**Data provided**.

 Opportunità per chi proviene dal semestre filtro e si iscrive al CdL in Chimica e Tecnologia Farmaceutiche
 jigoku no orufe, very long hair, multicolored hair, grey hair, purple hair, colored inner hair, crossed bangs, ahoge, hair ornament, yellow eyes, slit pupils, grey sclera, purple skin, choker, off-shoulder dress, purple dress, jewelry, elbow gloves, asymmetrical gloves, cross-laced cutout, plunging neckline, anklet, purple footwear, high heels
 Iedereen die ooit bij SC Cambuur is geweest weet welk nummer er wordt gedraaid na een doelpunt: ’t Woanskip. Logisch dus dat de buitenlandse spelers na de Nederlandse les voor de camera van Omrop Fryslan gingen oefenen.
--
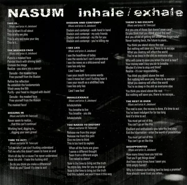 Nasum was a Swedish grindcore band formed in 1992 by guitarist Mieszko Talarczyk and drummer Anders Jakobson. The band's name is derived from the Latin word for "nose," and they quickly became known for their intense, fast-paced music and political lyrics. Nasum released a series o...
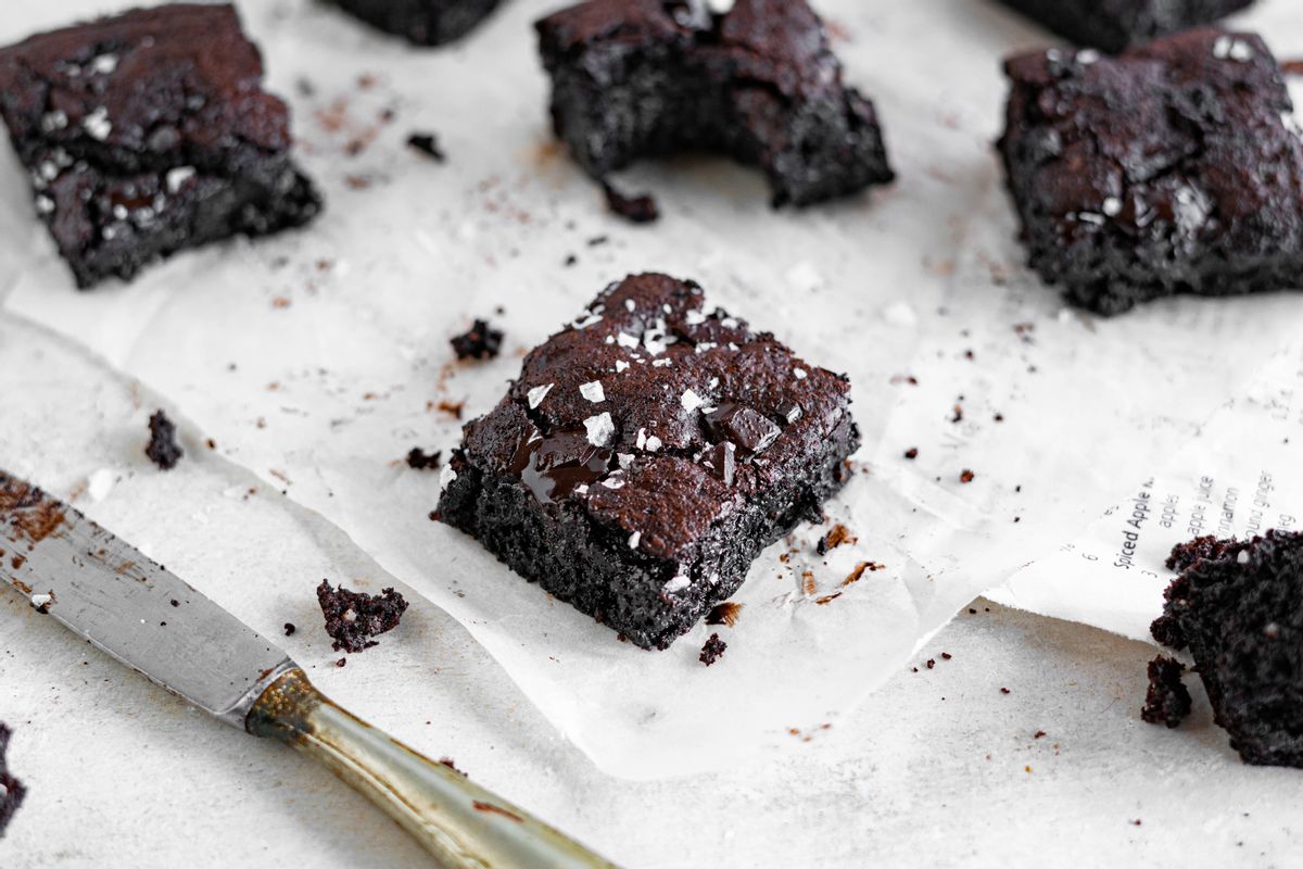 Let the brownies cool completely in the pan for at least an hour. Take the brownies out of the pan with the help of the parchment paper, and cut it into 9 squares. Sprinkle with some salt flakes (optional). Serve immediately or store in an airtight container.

**Instructions for the task**. From the line containing "Opportunità per chi" down to the line containing "jigoku no orufe, very" in the material above, reproduce every line exactly, including the two end lines.

**Answer section**.
 Opportunità per chi proviene dal semestre filtro e si iscrive al CdL in Chimica e Tecnologia Farmaceutiche
 jigoku no orufe, very long hair, multicolored hair, grey hair, purple hair, colored inner hair, crossed bangs, ahoge, hair ornament, yellow eyes, slit pupils, grey sclera, purple skin, choker, off-shoulder dress, purple dress, jewelry, elbow gloves, asymmetrical gloves, cross-laced cutout, plunging neckline, anklet, purple footwear, high heels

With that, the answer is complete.